Records to process –

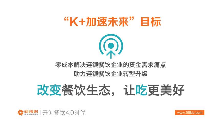 獲取“K+加速未來,連鎖餐飲企業(yè)金融助推計(jì)劃”更多信息,可微信搜索或者直接致電:13466572656。
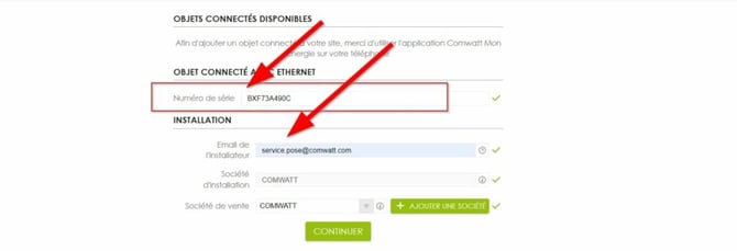 - Saisissez le numéro de la Box, ainsi que l’adresse mail installateur et le nom de la société qui vous a vendu votre gestionnaire d'énergie (inscrit sur votre facture).
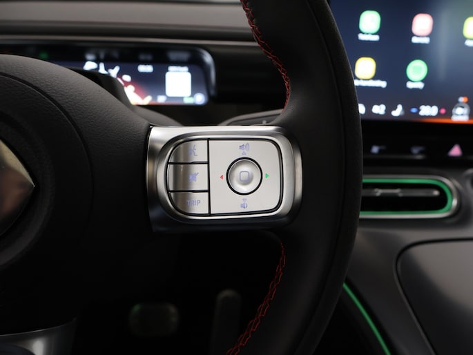 Geavanceerde veiligheidssystemen kijken tijdens elke rit met u mee en schatten continu de risico's in. U hoeft onderweg uw hoofd nooit te draaien of uw blik te verplaatsen om dashboard-info af te lezen. De head-up display projecteert alles op de voorruit. U kunt rijden als een jachtpiloot. In het instrumentarium laat de verkeersborddetectie de actuele verkeersborden zien. Het Lane-keeping systeem doet precies wat nodig is: waarschuwen en corrigeren bij onbedoelde overschrijding van de rijstrooklijnen. Bovenop deze veiligheidsfeatures heeft deze Smart bovendien dodehoekdetectie, forward collision warning system, hill hold functie, vermoeidheidsherkenning en bandenspanningcontrolesysteem.
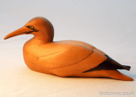 This Gannet is captured sitting at its nest site and is sculpted from lime, tinted with chinese ink stick and finished with wax. It is 13 cm (approx. 5") in length and is signed by the artist.
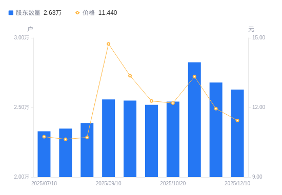 近一年(2024年12月20日至2025年12月10日),云南能投A股股东户数从2.32万户,增加至2.63万户,增幅13.09%,区间股价下跌3.70%。
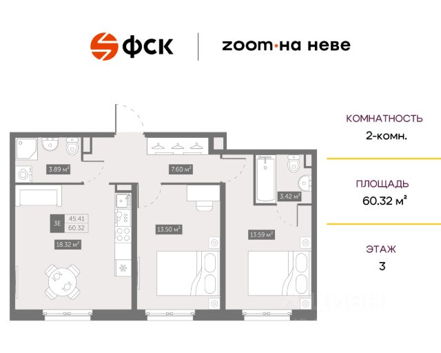 Цена со скидкой до 30% в прямой продаже от застройщика — только в этом месяце. При покупке апартаментов - паркинг за полцены. На все апартаменты действует беспроцентная рассрочка. Купите на распродаже! Покупка недвижимости в Zoom на Неве сейчас со скидкой до 30% позволит через 2 года получить доход до 6 300 000 руб. Роскошные виды на Неву. 2-к апартамент в комплексе класса бизнес-лайт Zoom на Неве на 10-м этаже. Общая площадь 55,31. Предчистовая отделка. Zoom на Неве расположен в новом месте силы рядом с центром города на первой линии Октябрьской набережной в Невском районе, всего в 7 км от исторической части Санкт-Петербурга. Большой выбор эргономичных и максимально продуманных планировок позволит каждому найти вариант по душе. Панорамные виды на Неву, благоустроенные дворы, детская игровая комната, подземный паркинг, коммерческие зоны на первом этаже, это и многое другое делает Zoom на Неве идеальным местом для жизни. Особенности: - Панорамные виды на Неву и город; - 10 мин. до Парка Строителей, 15 мин. до Лондон-молла, Ленты, Максидома, 15 мин. до метро "ул. Дыбенко", 12 мин. до КАД, 10 мин. до центра; - Единая архитектурная концепция. Сдержанные и монументальные фасады в неоклассическом стиле; - Парадный лобби для жильцов. Единый вход в комплекс с администратором, зоной ресепшн и охраной, зоной для бесконтактной доставки посылок и еды; - Подземный отапливаемый паркинг с доступом из парадной; - Доступно 3 варианта отделки на выбор: черновая, предчистовая (White Box) и чистовая; - Зоны отдыха для взрослых и детей, Wi-Fi-покрытие во дворе и в паркинге, зоны для питомцев, арт-объекты и много другое. В шаговой доступности вся необходимая инфраструктура от детских садов и школ до супермаркетов и салонов красоты; - Все происходящее контролируется видеокамерами, а покой внутренней территории и безопасность ваших детей гарантируется полным отсутствием транспорта во дворах в концепции "без машин".
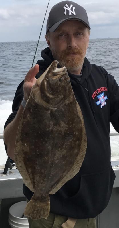 Today aboard the Down Deep Bull, we ran another 6 am Jumbo Fluke & Seabass trip for John and a great, big crowd of friends. Fluke fishing was good, especially towards the end of the trip where the crew saw more beautiful keepers to 6 lbs. coming over the rails, making for a nice day out on the water. Ocean Fluke fishing is getting good now, don't delay book today and get right on em. Thanks everyone for sailing with us and all others who continue booking rough bottom Jumbo Ocean Fluke, Ling, Cod, winter Flounder & fall Jumbo Striped Bass, Tog & Seabass trips going forward at a rapid pace. Back at it now with pm trips today and 4 tomorrow. Don't miss the next open boat trips -
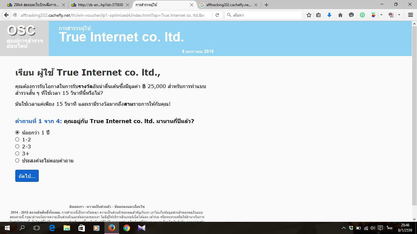 ต้องขออภัยในความไม่สะดวกด้วยนะครับ แบบสำรวจดังกล่าว มิได้ดำเนินการโดยบริษัทฯ หากมีการสำรวจความคิดเห็นลูกค้า บริษัทฯจะทำโดยการจัดส่งแบบสอบถามไปยังอีเมลของลูกค้าผู้ใช้งานโดยตรง หรือโดยเจ้าหน้าที่ตัวแทนของบริษัทฯ โทรติดต่อสอบถามโดยตรงกับลูกค้าเท่านั้น บริษัทฯ ไม่มีการจัดทำแบบสำรวจผ่านหน้าเว็บไซต์ออนไลน์ ซึ่งการทำแบบสำรวจดังกล่าวเป็นรูปแบบหนึ่งของการโจมตีของ Malware ที่มีคนตั้งใจเขียนหรือสร้างขึ้นเพื่อทำลายหรือโจรกรรมข้อมูลต่างๆ ในคอมพิวเตอร์ของผู้ใช้งาน บริษัทฯ
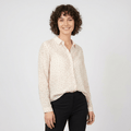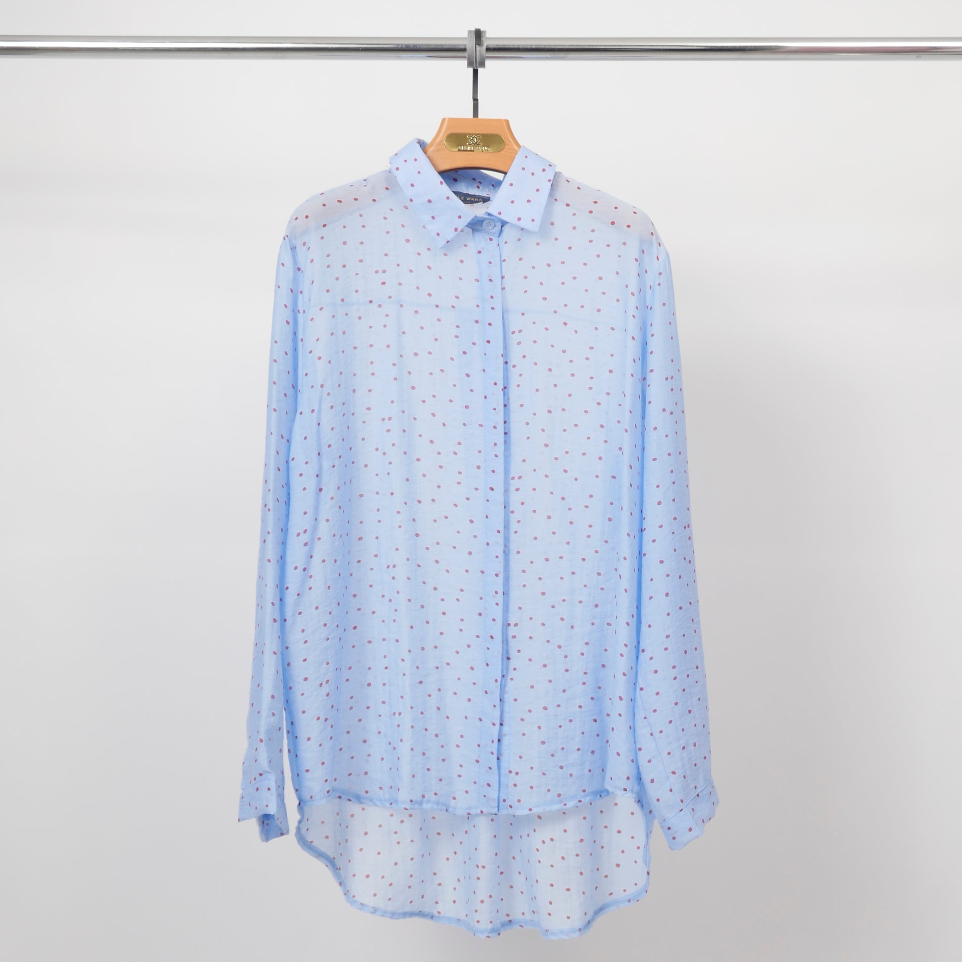 Son imprimé délicat et son tombé souple en font une pièce facile à porter au quotidien. Dotée d'une coupe légèrement oversize, d'une base arrondie plus longue à l’arrière et d’un col classique, elle mise sur l’élégance discrète. Les boutons sont dissimulés pour une finition épurée.

Required work –
The copy must match the listing above exactly but contain no pictures.

Solution for this exercise –
 獲取“K+加速未來,連鎖餐飲企業(yè)金融助推計(jì)劃”更多信息,可微信搜索或者直接致電:13466572656。
 - Saisissez le numéro de la Box, ainsi que l’adresse mail installateur et le nom de la société qui vous a vendu votre gestionnaire d'énergie (inscrit sur votre facture).
 Geavanceerde veiligheidssystemen kijken tijdens elke rit met u mee en schatten continu de risico's in. U hoeft onderweg uw hoofd nooit te draaien of uw blik te verplaatsen om dashboard-info af te lezen. De head-up display projecteert alles op de voorruit. U kunt rijden als een jachtpiloot. In het instrumentarium laat de verkeersborddetectie de actuele verkeersborden zien. Het Lane-keeping systeem doet precies wat nodig is: waarschuwen en corrigeren bij onbedoelde overschrijding van de rijstrooklijnen. Bovenop deze veiligheidsfeatures heeft deze Smart bovendien dodehoekdetectie, forward collision warning system, hill hold functie, vermoeidheidsherkenning en bandenspanningcontrolesysteem.
 This Gannet is captured sitting at its nest site and is sculpted from lime, tinted with chinese ink stick and finished with wax. It is 13 cm (approx. 5") in length and is signed by the artist.
 近一年(2024年12月20日至2025年12月10日),云南能投A股股东户数从2.32万户,增加至2.63万户,增幅13.09%,区间股价下跌3.70%。
 Цена со скидкой до 30% в прямой продаже от застройщика — только в этом месяце. При покупке апартаментов - паркинг за полцены. На все апартаменты действует беспроцентная рассрочка. Купите на распродаже! Покупка недвижимости в Zoom на Неве сейчас со скидкой до 30% позволит через 2 года получить доход до 6 300 000 руб. Роскошные виды на Неву. 2-к апартамент в комплексе класса бизнес-лайт Zoom на Неве на 10-м этаже. Общая площадь 55,31. Предчистовая отделка. Zoom на Неве расположен в новом месте силы рядом с центром города на первой линии Октябрьской набережной в Невском районе, всего в 7 км от исторической части Санкт-Петербурга. Большой выбор эргономичных и максимально продуманных планировок позволит каждому найти вариант по душе. Панорамные виды на Неву, благоустроенные дворы, детская игровая комната, подземный паркинг, коммерческие зоны на первом этаже, это и многое другое делает Zoom на Неве идеальным местом для жизни. Особенности: - Панорамные виды на Неву и город; - 10 мин. до Парка Строителей, 15 мин. до Лондон-молла, Ленты, Максидома, 15 мин. до метро "ул. Дыбенко", 12 мин. до КАД, 10 мин. до центра; - Единая архитектурная концепция. Сдержанные и монументальные фасады в неоклассическом стиле; - Парадный лобби для жильцов. Единый вход в комплекс с администратором, зоной ресепшн и охраной, зоной для бесконтактной доставки посылок и еды; - Подземный отапливаемый паркинг с доступом из парадной; - Доступно 3 варианта отделки на выбор: черновая, предчистовая (White Box) и чистовая; - Зоны отдыха для взрослых и детей, Wi-Fi-покрытие во дворе и в паркинге, зоны для питомцев, арт-объекты и много другое. В шаговой доступности вся необходимая инфраструктура от детских садов и школ до супермаркетов и салонов красоты; - Все происходящее контролируется видеокамерами, а покой внутренней территории и безопасность ваших детей гарантируется полным отсутствием транспорта во дворах в концепции "без машин".
 Today aboard the Down Deep Bull, we ran another 6 am Jumbo Fluke & Seabass trip for John and a great, big crowd of friends. Fluke fishing was good, especially towards the end of the trip where the crew saw more beautiful keepers to 6 lbs. coming over the rails, making for a nice day out on the water. Ocean Fluke fishing is getting good now, don't delay book today and get right on em. Thanks everyone for sailing with us and all others who continue booking rough bottom Jumbo Ocean Fluke, Ling, Cod, winter Flounder & fall Jumbo Striped Bass, Tog & Seabass trips going forward at a rapid pace. Back at it now with pm trips today and 4 tomorrow. Don't miss the next open boat trips -
 ต้องขออภัยในความไม่สะดวกด้วยนะครับ แบบสำรวจดังกล่าว มิได้ดำเนินการโดยบริษัทฯ หากมีการสำรวจความคิดเห็นลูกค้า บริษัทฯจะทำโดยการจัดส่งแบบสอบถามไปยังอีเมลของลูกค้าผู้ใช้งานโดยตรง หรือโดยเจ้าหน้าที่ตัวแทนของบริษัทฯ โทรติดต่อสอบถามโดยตรงกับลูกค้าเท่านั้น บริษัทฯ ไม่มีการจัดทำแบบสำรวจผ่านหน้าเว็บไซต์ออนไลน์ ซึ่งการทำแบบสำรวจดังกล่าวเป็นรูปแบบหนึ่งของการโจมตีของ Malware ที่มีคนตั้งใจเขียนหรือสร้างขึ้นเพื่อทำลายหรือโจรกรรมข้อมูลต่างๆ ในคอมพิวเตอร์ของผู้ใช้งาน บริษัทฯ
 Son imprimé délicat et son tombé souple en font une pièce facile à porter au quotidien. Dotée d'une coupe légèrement oversize, d'une base arrondie plus longue à l’arrière et d’un col classique, elle mise sur l’élégance discrète. Les boutons sont dissimulés pour une finition épurée.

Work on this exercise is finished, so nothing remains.